For many of us over the last decade, Buffalo Trace, Maker’s Mark, W.L. Weller 12 Year, Four Roses Small Batch, Wild Turkey 101 Bourbon, andElijah Craig 12 Year defined what it meant to be a solid $20 bourbon. In 2017, each of these brands has either disappeared completely (loss of age statement), become a proverbial ghost, or is at the edge of moving into the $30 range. If they haven’t hit that $30 mark by the end of 2017, there’s a good chance they will in 2018. To put it into perspective: a bottle of Buffalo Trace (if you can even find it) that used to cost about $20 5-6 years ago, now costs close to $30 or more. That’s a 50% increase. Inflation over that time as measured by the Consumer Price Index was roughly 10%.

The truth is, at some point all of these brands were going to move into the $30 range whether we liked it or not. It was inevitable. Does it really matter if it happens in 2017 or 2020? Even if bourbon drinkers are paying a few more dollars sooner than anyone predicted for those aforementioned brands, you’d expect other brands to move into that prime, impulse-buy price point of $20 - $30. But that doesn’t seem to be the case just yet.

Wild Turkey, 1792, and Elijah Craig are doing what they can to hold strong in the $20 category, but how much longer do they have when many of their peers have already experienced increased prices? Despite lowering its age statement over the past few years to maintain its price point and supply, how much longer will Evan Williams keep their Single Barrel bourbon under $30 when most single barrels sell for a lot more? Will Jim Beam Extra-Aged become the new benchmark for what defines the $20 bourbon category? Finally, is it only a matter of time before Evan Williams Bottled-in-Bond, Very Old Barton, McKenna,Four Roses Yellow, and Jim Beam White Label become the new rat pack of $20 bourbons?

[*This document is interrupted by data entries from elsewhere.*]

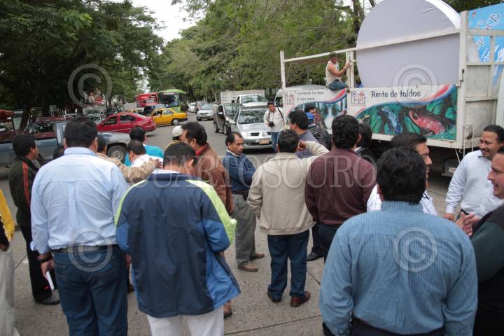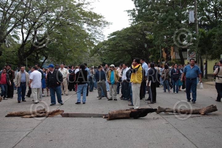 VILLAHERMOSA, TABASCO, 12ENERO2010.- Debido al engaño de las autoridades gubernamentales de que les pagarían el aguinaldo; al menos un centenar de educadores volvieron a bloquear con troncos de árboles el velódromo de la ciudad deportiva y en esta ocasión amenazan con parar las clases de todos lo niveles si no reciben respuesta favorable en el a trazo a su pago ya ganado y que por ley les pertenece. FOTO: MARCO POLO GUZMÁN HERNÁNDEZ/CUARTOSCURO.COM
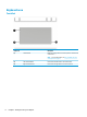 (1) TouchPad zone Reads your nger gestures to move the pointer or activate items
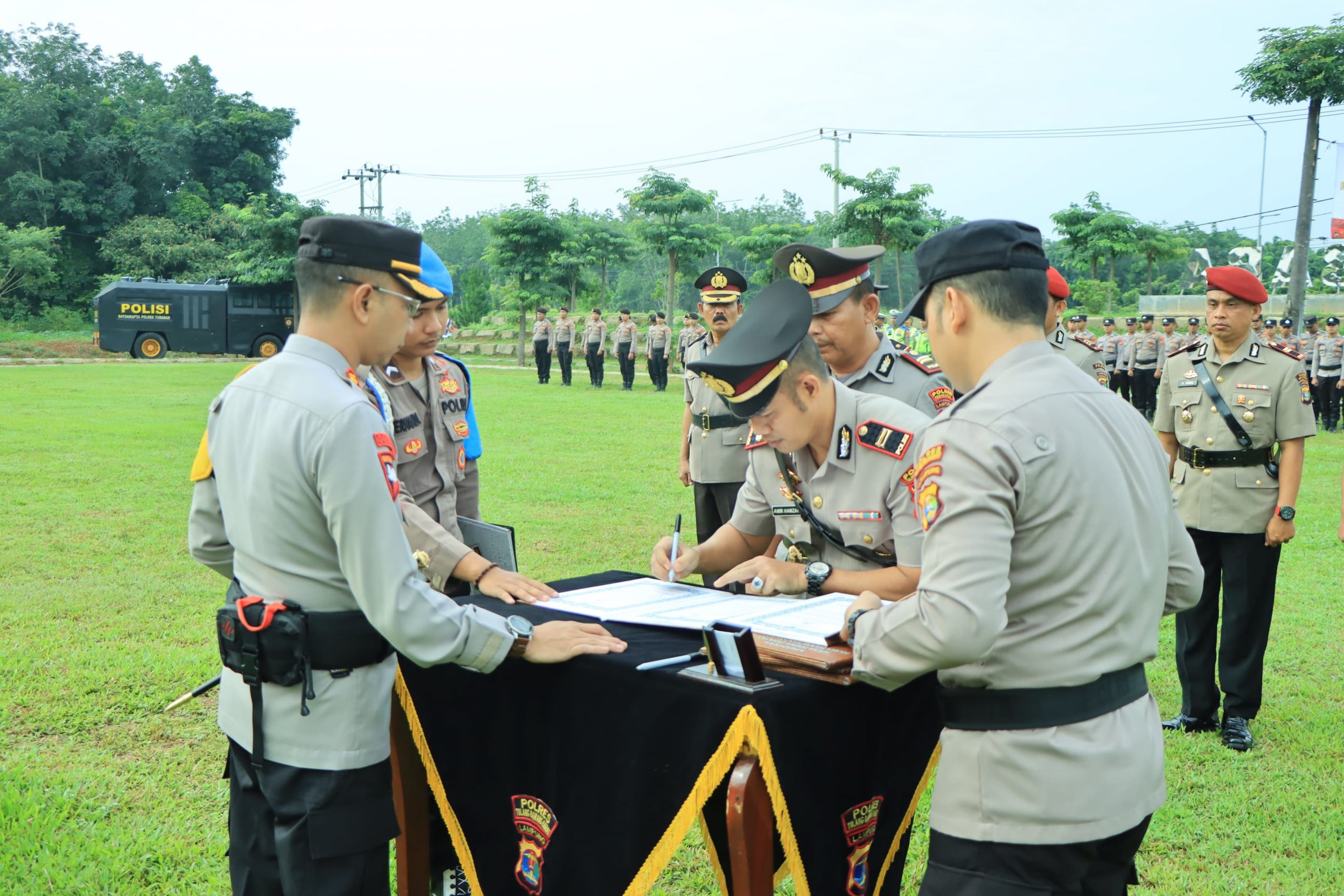 Tulang Bawang Barat-Kapolres Tulang Bawang Barat AKBP Ndaru Istimawan., S.I.K pimpin upacara Serah Terima Jabatan (Sertijab) Kabag Ops, Kasat Reskrim, Kasat Lantas dan Kapolsek Gunung Agung yang dilaksanakan di Lapangan Apel Mapolres Setempat. Sabtu (04/05/24).
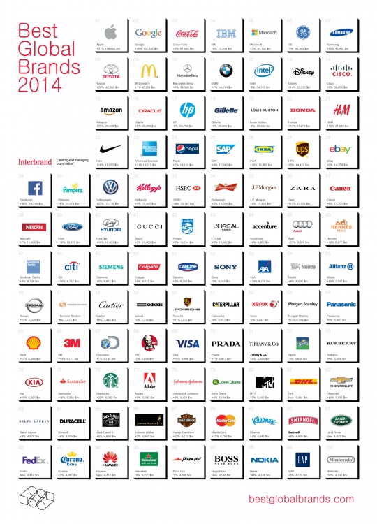 브랜드 컨설팅 그룹인 인터브랜드는 9일(뉴욕시간) 전세계 주요 브랜드의 가치 평가를 통해 상위 100개 기업을 선정하는 '2014년 베스트 글로벌 브랜드 (Best Global Brands 2014)'을 발표했다.
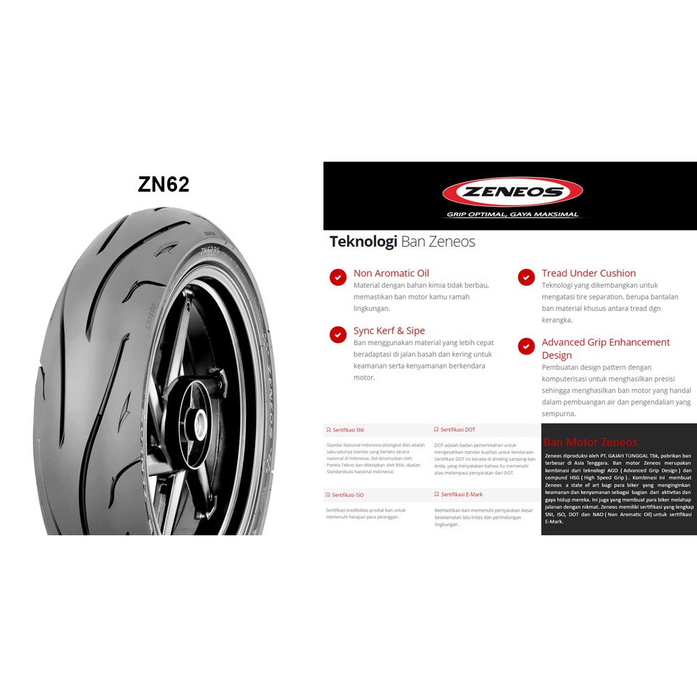 90/80 RING 14 BAN LUAR ZENEOS ZN62 - BAN LUAR MOTOR MATIC BEAT, VARIO, PCX 150 TUBELESS FREE PENTIL

Bourbon drinkers probably complained of the same issue 15-20 years ago when many of these same brands (the ones that existed anyways) costing less than $20, eventually became $20 bourbons. It seems natural that as one pricing tier moves up, the one below it does too. This requires bourbon drinkers to redefine what it means to be a great bourbon in the under $20, $20 range, and $30 range. This is easier said than done. Ask anyone who remembers Weller 12 Year costing under $20 not that long ago and what they think of the brand’s current secondary price. The people that are now buying Weller 12 Year for $100 are most likely bourbon drinkers that became bourbon drinkers only in the last few years. Maybe that isn’t the best example. As Maker’s Mark and Buffalo Trace slowly creep into the $30 price range in more markets, will consumer's impression of the brands' quality and value change and have an effect on sales?

This topic is becoming a recurring discussion for us here at Breaking Bourbon, as we rate new bourbons in the $20 and $30 ranges. When Jordan reviewed Coopers’ Craft in April, the larger question became, “Is this what passes for a $20 bourbon nowadays?” I personally think NAS I.W. Harper deserves a little more love than what it gets, but how can it when it cost $35+ for what it is? If Maker’s Mark and Buffalo Trace are having a hard time consistently being found under $30, how much longer do Knob Creek, Woodford Reserve, and Henry McKenna Single Barrel have in the $30 range before moving up a rung in the pricing ladder themselves?

There’s the hard economics of what a bottle of bourbon costs to make, and then there’s the companies that seem to be taking the perception of value theory and bourbon’s popularity a bit too far. It seems every brand wants to appear prestigious and command top dollar, but if the majority of the bourbons on the market are striving for the same goal, what does it mean for bourbon’s “good bourbon at a fair value” entry point? Is it a thing of the past?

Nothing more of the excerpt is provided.